§ **Task brief**
From the entries below, write out exactly the lines between the line holding "我校两名同学在2023年泰州市中小学生个人艺术单项比赛中获奖" and the line holding "Och det tar", inclusive, excluding any pictures.

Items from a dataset
□ □ □ □

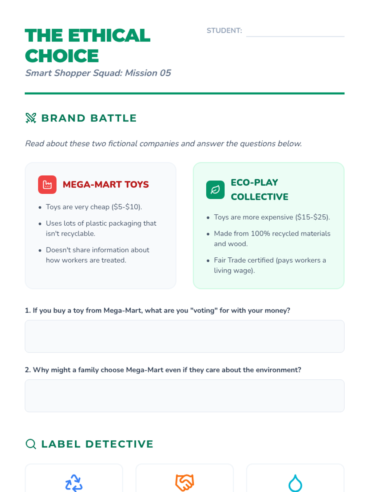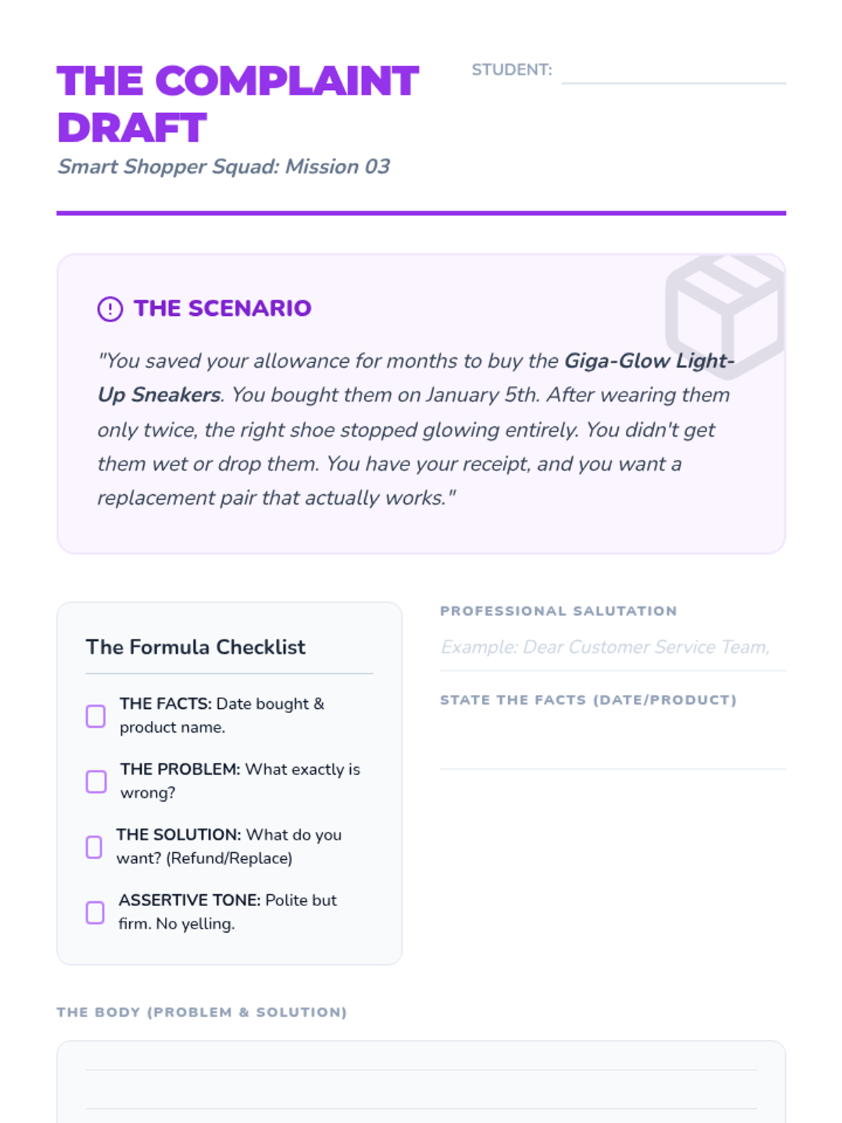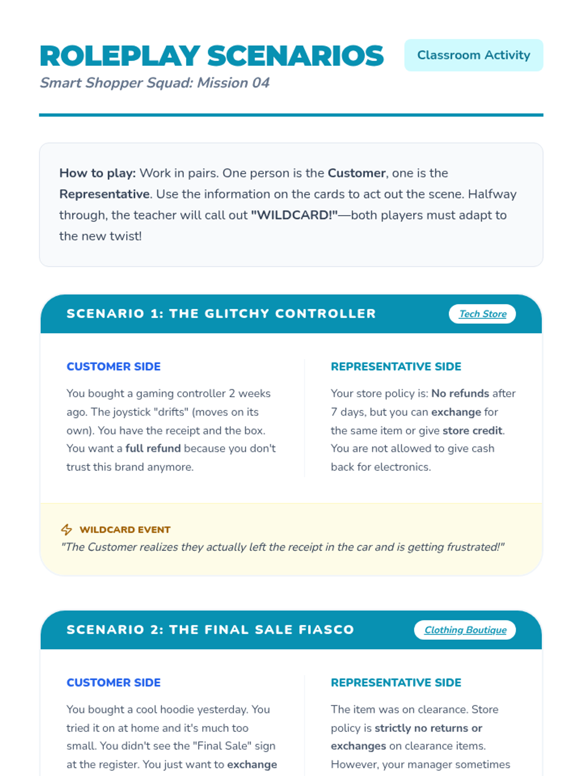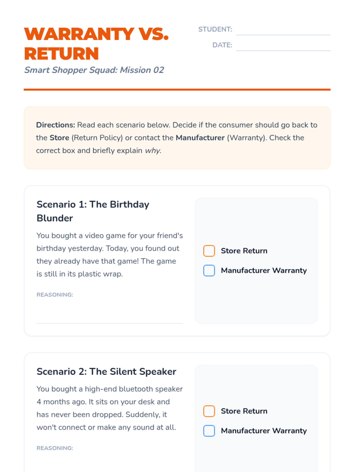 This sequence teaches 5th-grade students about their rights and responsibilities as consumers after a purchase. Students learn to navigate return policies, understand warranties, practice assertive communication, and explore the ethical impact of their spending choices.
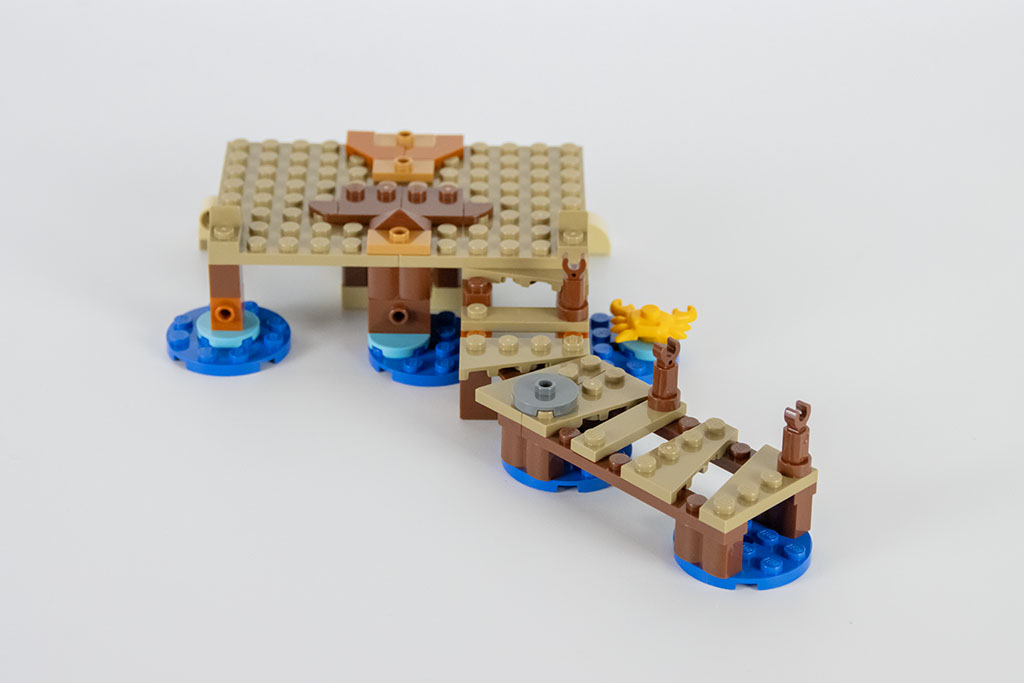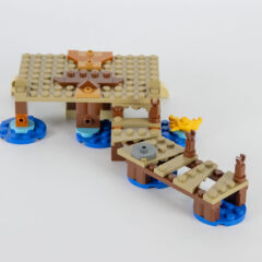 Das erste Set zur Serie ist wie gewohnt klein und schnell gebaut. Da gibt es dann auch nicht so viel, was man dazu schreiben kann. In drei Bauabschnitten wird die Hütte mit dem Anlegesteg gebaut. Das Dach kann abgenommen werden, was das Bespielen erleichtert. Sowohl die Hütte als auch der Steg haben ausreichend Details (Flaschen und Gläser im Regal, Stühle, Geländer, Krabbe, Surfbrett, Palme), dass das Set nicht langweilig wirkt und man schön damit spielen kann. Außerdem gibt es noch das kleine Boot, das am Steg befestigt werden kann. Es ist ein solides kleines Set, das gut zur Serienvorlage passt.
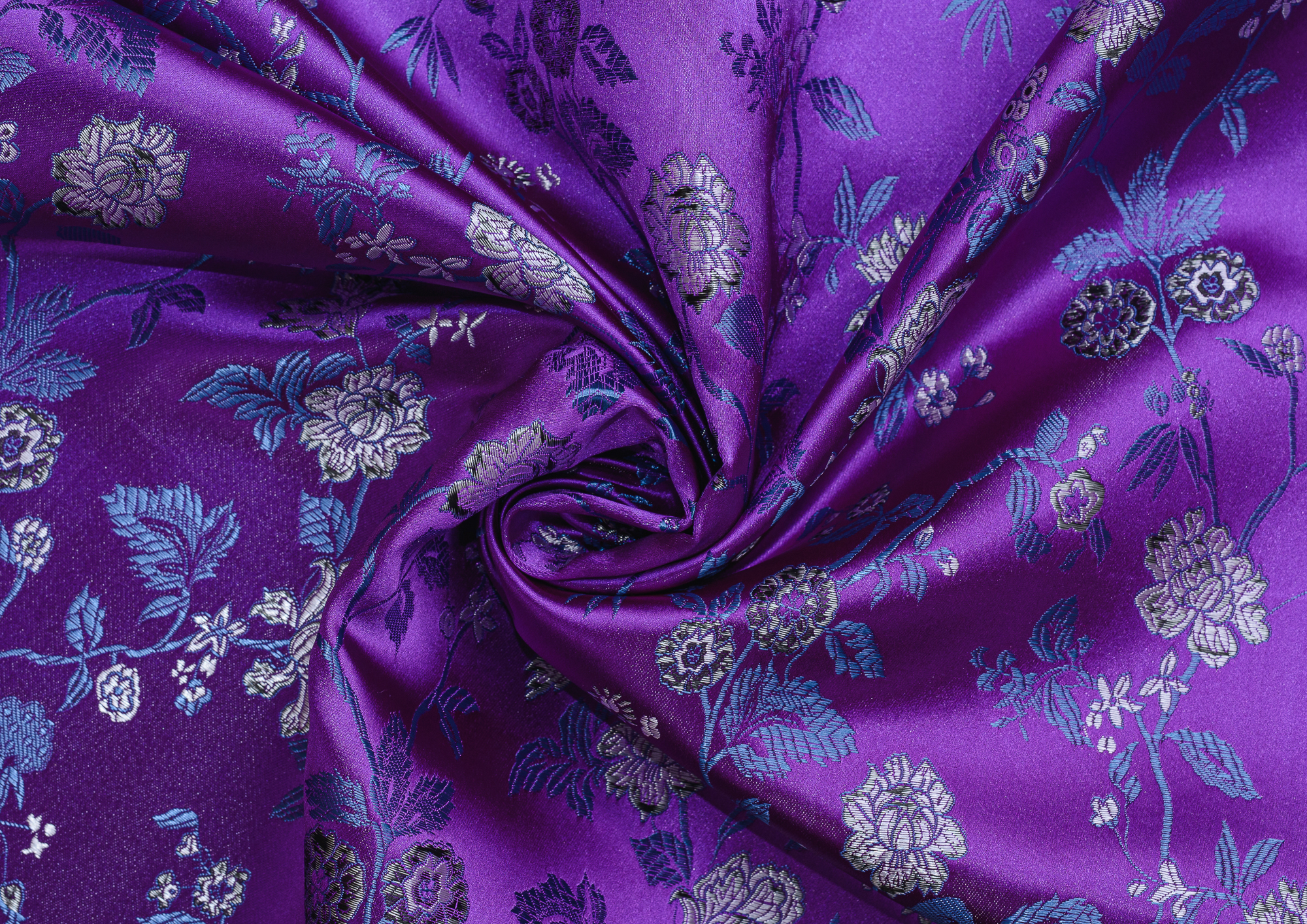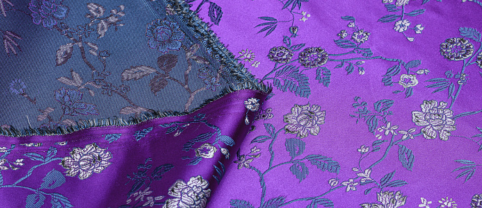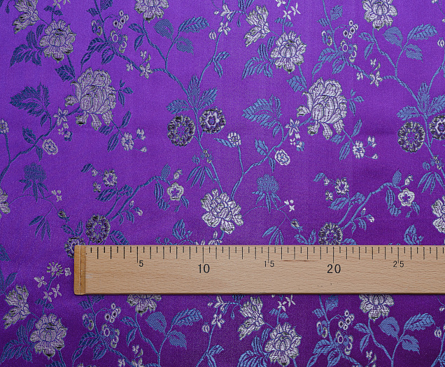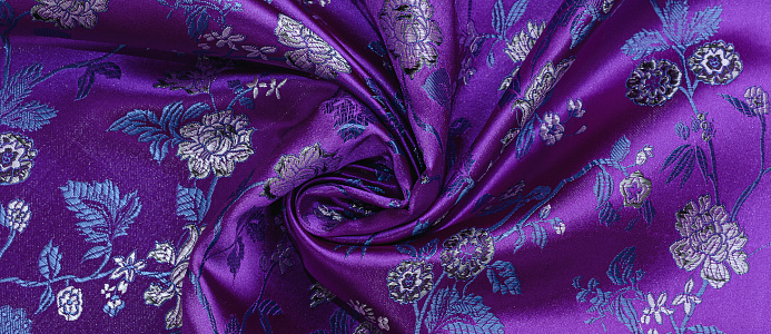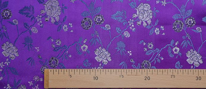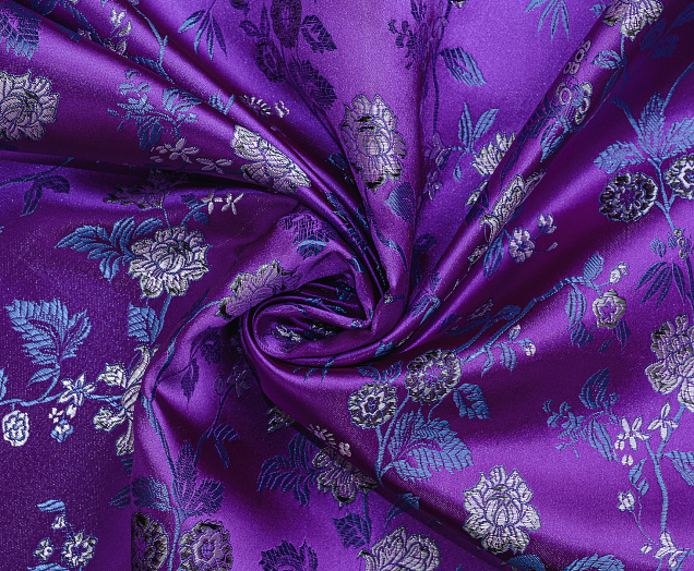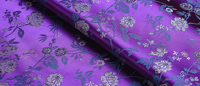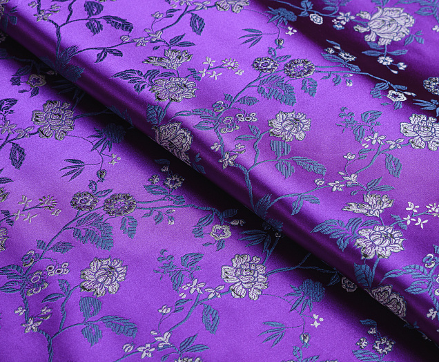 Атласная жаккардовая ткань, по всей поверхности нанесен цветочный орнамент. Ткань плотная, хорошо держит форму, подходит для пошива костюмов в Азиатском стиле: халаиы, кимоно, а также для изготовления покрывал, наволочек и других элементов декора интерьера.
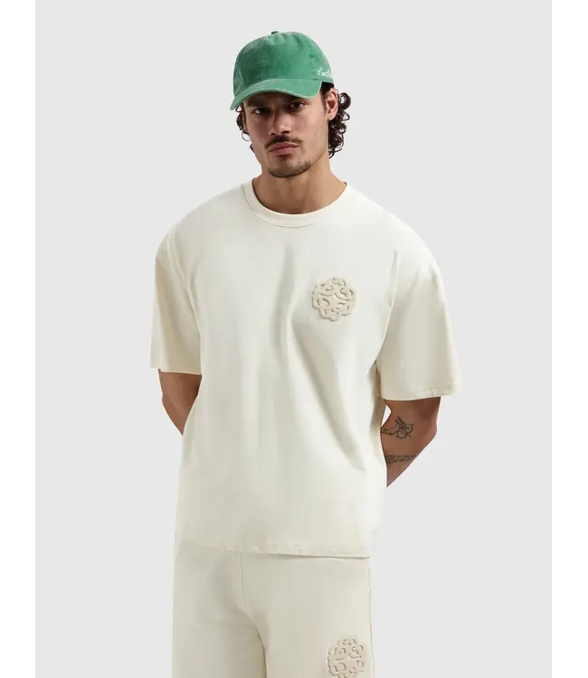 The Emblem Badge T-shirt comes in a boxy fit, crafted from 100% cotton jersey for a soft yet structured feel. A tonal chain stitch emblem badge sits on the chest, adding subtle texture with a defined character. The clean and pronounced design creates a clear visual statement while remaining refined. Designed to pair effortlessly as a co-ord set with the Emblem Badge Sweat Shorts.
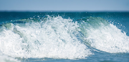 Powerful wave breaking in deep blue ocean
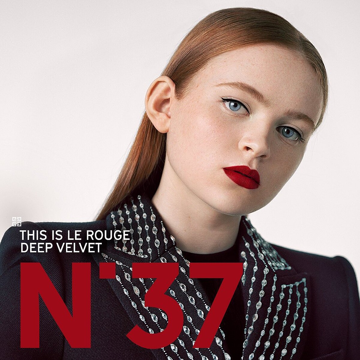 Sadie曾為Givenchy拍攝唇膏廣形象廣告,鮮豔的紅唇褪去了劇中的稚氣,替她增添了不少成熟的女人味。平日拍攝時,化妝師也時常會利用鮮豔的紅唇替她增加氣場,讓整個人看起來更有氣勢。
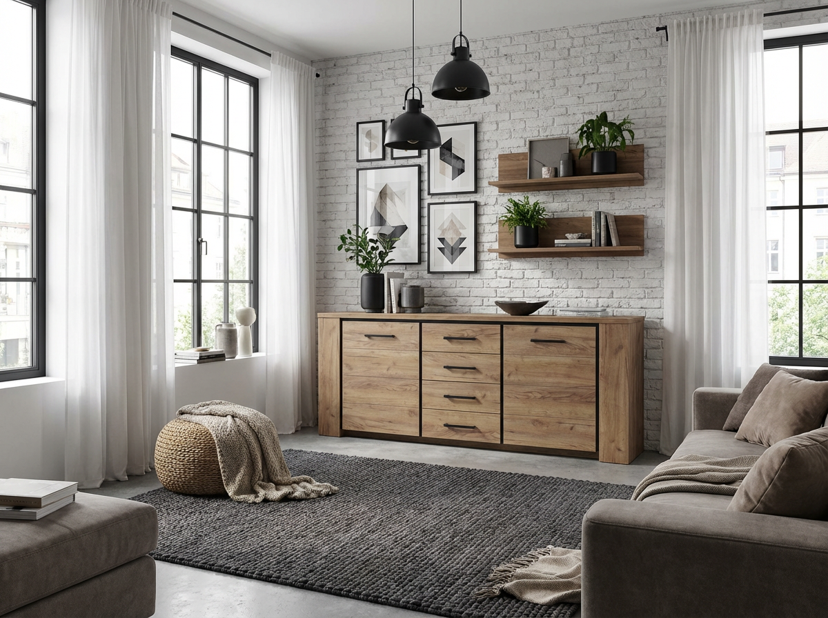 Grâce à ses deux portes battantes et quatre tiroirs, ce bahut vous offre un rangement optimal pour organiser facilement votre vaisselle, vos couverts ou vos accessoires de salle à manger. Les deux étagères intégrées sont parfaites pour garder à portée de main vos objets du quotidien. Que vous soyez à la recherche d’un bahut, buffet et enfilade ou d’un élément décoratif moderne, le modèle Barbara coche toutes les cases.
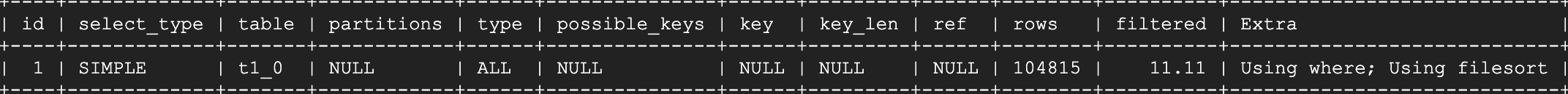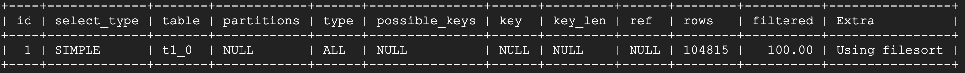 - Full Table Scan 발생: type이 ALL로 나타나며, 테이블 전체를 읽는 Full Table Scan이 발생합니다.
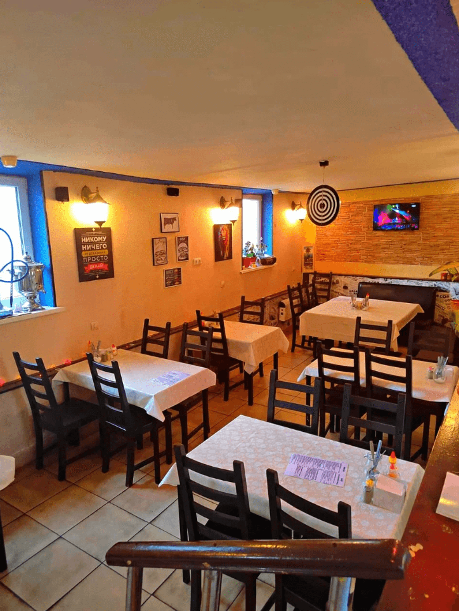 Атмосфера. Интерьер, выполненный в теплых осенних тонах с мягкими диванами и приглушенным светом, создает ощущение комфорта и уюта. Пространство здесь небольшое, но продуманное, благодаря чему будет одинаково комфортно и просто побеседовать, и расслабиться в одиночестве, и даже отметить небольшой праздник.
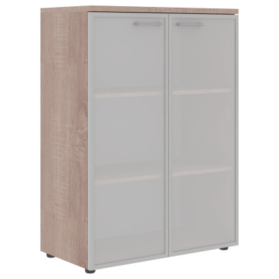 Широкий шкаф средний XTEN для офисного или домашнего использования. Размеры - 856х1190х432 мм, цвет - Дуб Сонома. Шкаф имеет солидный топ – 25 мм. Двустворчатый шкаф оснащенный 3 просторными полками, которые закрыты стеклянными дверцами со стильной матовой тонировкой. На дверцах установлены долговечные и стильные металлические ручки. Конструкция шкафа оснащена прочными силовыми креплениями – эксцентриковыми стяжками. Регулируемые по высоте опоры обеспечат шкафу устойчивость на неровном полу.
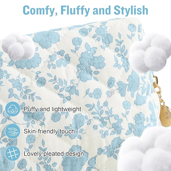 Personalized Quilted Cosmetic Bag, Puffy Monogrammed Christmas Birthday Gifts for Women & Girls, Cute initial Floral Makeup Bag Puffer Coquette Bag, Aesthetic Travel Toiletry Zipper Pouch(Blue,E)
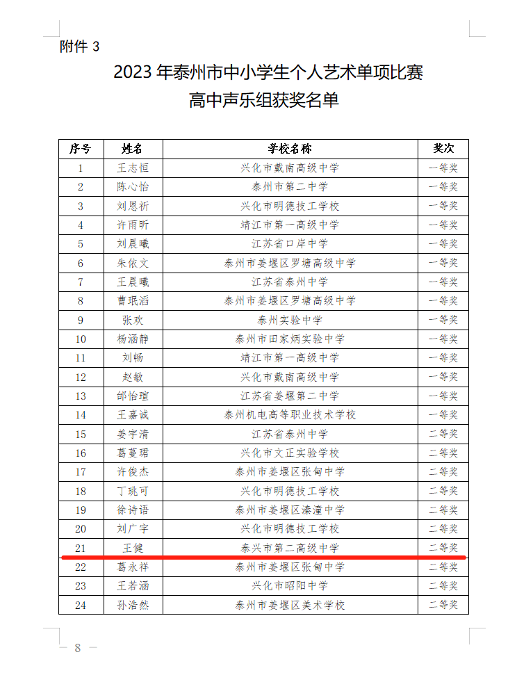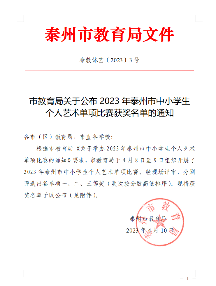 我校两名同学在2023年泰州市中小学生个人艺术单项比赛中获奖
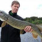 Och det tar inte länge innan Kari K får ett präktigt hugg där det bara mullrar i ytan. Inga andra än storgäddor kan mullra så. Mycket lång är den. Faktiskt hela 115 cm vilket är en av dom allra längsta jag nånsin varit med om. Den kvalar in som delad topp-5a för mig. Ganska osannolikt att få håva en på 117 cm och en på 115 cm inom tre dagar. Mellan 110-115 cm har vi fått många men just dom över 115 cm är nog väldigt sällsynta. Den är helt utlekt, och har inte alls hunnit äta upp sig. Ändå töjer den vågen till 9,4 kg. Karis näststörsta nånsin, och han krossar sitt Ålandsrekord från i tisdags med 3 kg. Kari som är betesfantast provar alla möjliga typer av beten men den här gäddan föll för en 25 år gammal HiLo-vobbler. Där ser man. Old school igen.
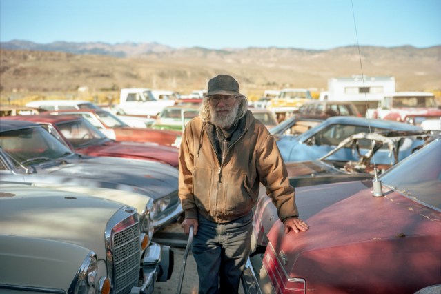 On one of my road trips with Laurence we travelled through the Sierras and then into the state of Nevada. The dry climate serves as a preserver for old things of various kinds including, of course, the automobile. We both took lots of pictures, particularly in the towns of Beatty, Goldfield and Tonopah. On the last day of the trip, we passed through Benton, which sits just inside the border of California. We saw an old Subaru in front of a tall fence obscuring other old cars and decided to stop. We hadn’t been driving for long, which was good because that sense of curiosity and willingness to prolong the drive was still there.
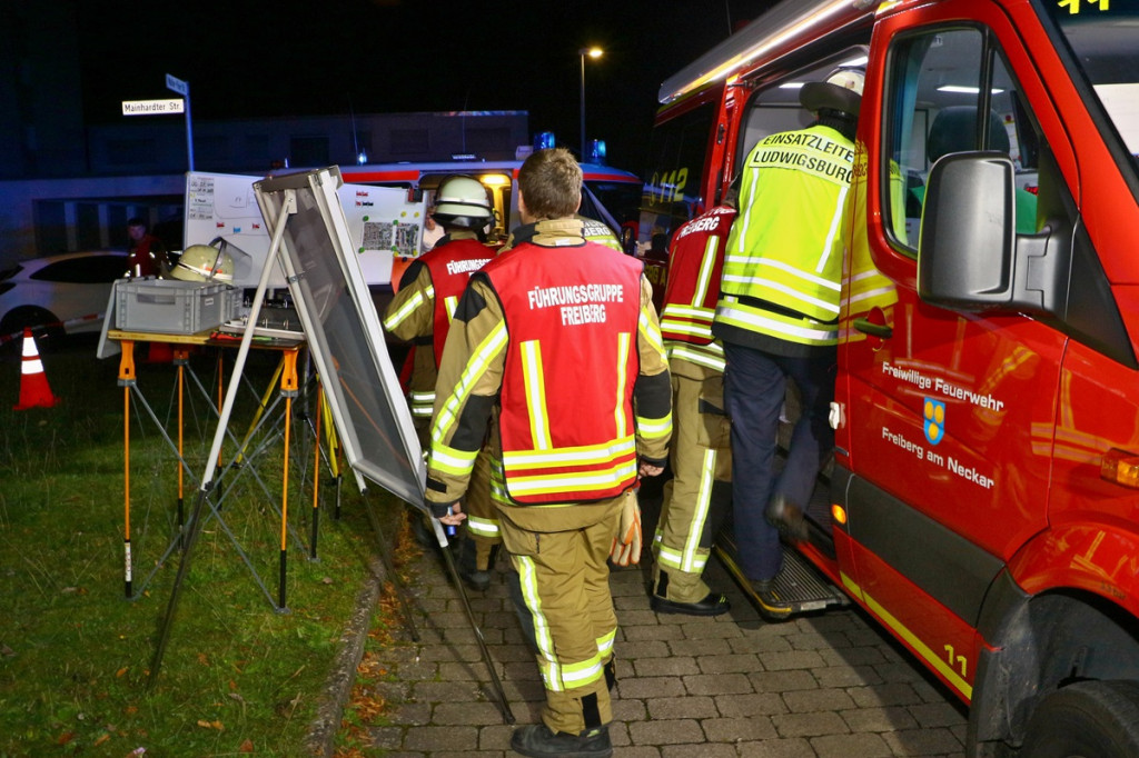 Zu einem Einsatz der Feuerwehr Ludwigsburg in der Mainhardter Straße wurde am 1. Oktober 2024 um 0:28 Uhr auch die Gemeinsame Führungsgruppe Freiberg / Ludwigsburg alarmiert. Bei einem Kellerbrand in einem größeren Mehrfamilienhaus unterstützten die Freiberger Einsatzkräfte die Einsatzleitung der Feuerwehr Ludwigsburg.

□ □ □ □

§ **Your solution**
 我校两名同学在2023年泰州市中小学生个人艺术单项比赛中获奖
 Och det tar inte länge innan Kari K får ett präktigt hugg där det bara mullrar i ytan. Inga andra än storgäddor kan mullra så. Mycket lång är den. Faktiskt hela 115 cm vilket är en av dom allra längsta jag nånsin varit med om. Den kvalar in som delad topp-5a för mig. Ganska osannolikt att få håva en på 117 cm och en på 115 cm inom tre dagar. Mellan 110-115 cm har vi fått många men just dom över 115 cm är nog väldigt sällsynta. Den är helt utlekt, och har inte alls hunnit äta upp sig. Ändå töjer den vågen till 9,4 kg. Karis näststörsta nånsin, och han krossar sitt Ålandsrekord från i tisdags med 3 kg. Kari som är betesfantast provar alla möjliga typer av beten men den här gäddan föll för en 25 år gammal HiLo-vobbler. Där ser man. Old school igen.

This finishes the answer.